Omit the pictures and extract only the lines from the line containing "山田:皆さんには毎日「ミーニ" to the end of the material, each exactly as written.

DATA EXCERPT:
┌────────
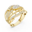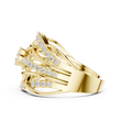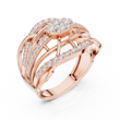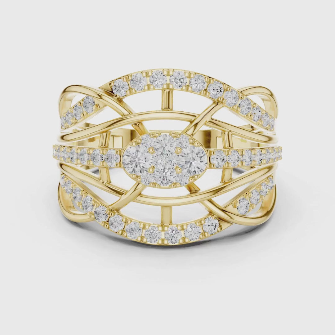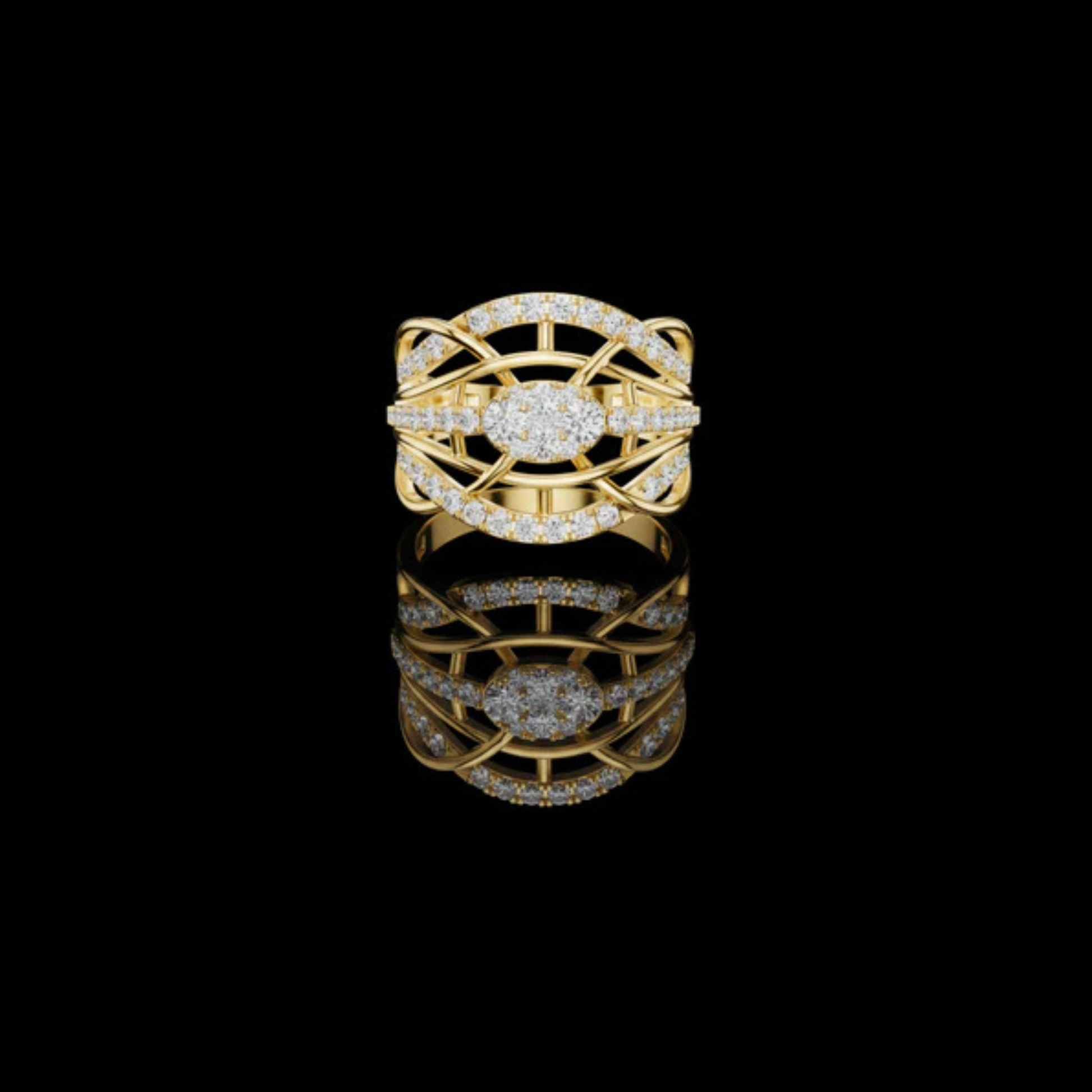 This stunning ring showcases a bold, architectural design crafted in luxurious. Its intricate multi-row woven structure gracefully intertwines around the finger, creating a striking sense of depth and movement. At the heart of the piece sits a dazzling Round-shaped diamond cluster, radiating brilliance from every angle. The surrounding pavé-set diamonds enhance the sparkle, tracing each curve with exceptional elegance. Perfect for those who adore statement jewelry, this ring blends modern artistry with timeless luxury, making it an unforgettable addition to any collection.
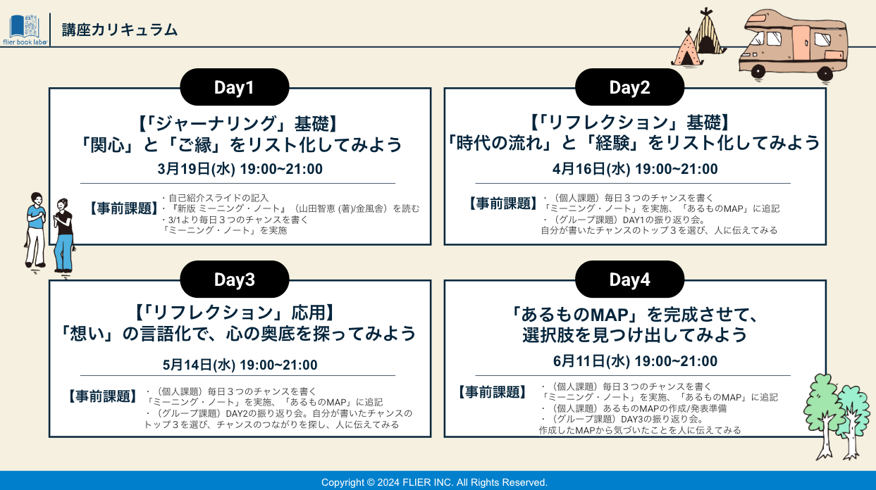 山田:皆さんには毎日「ミーニング・ノート」を記録していただきながら、DAY1ではジャーナリング、DAY2、DAY3ではリフレクションの基礎と応用をやっていきます。それと並行して「あるものMAP」を書き溜めていって、全4回を通じて完成できればと思っています。
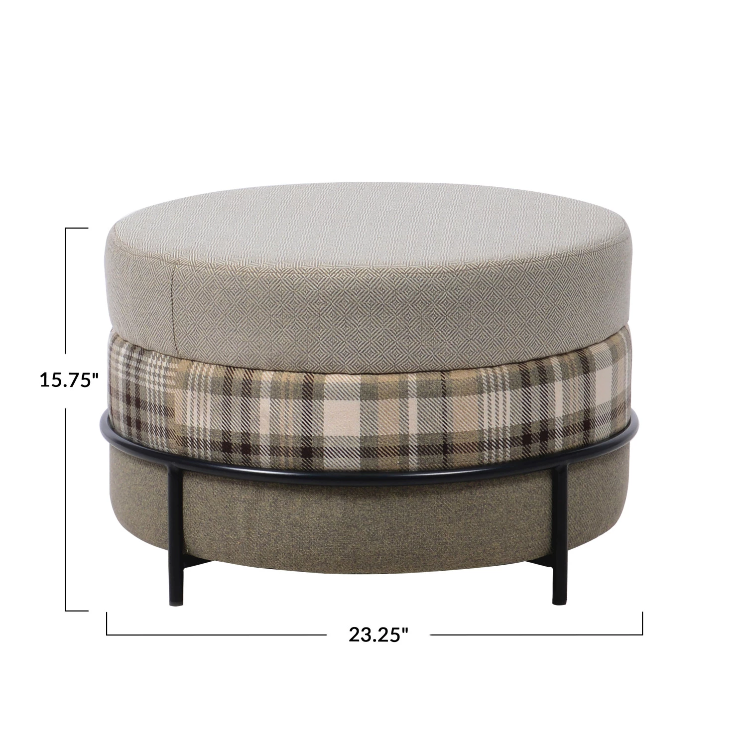 Catalog Name: 23-1/4" Round x 15-3/4"H MDF & Fabric Upholstered Ottoman w/ Black Metal Legs, Multi Color
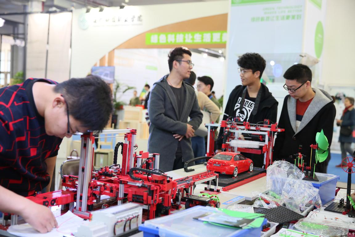 我校展区的自动洗车模型周围挤满了参观者。机电工程学院负责人操作模型进行展示——只需要按下开关,就能自动完成洗涤、烘干一条龙洗车服务。其简单快捷的操作方式引起市民极大兴趣:“现在市场里是否有这样的机器了?这样的机器大概需要多少钱?会占用多大的地方?”展区还展示了用于运输货物的堆垛流水线、太阳能小车、风力发电机、太阳跟踪仪、水轮机、太阳能充电站等模型。
└────────
SOLUTION:
 山田:皆さんには毎日「ミーニング・ノート」を記録していただきながら、DAY1ではジャーナリング、DAY2、DAY3ではリフレクションの基礎と応用をやっていきます。それと並行して「あるものMAP」を書き溜めていって、全4回を通じて完成できればと思っています。
 Catalog Name: 23-1/4" Round x 15-3/4"H MDF & Fabric Upholstered Ottoman w/ Black Metal Legs, Multi Color
 我校展区的自动洗车模型周围挤满了参观者。机电工程学院负责人操作模型进行展示——只需要按下开关,就能自动完成洗涤、烘干一条龙洗车服务。其简单快捷的操作方式引起市民极大兴趣:“现在市场里是否有这样的机器了?这样的机器大概需要多少钱?会占用多大的地方?”展区还展示了用于运输货物的堆垛流水线、太阳能小车、风力发电机、太阳跟踪仪、水轮机、太阳能充电站等模型。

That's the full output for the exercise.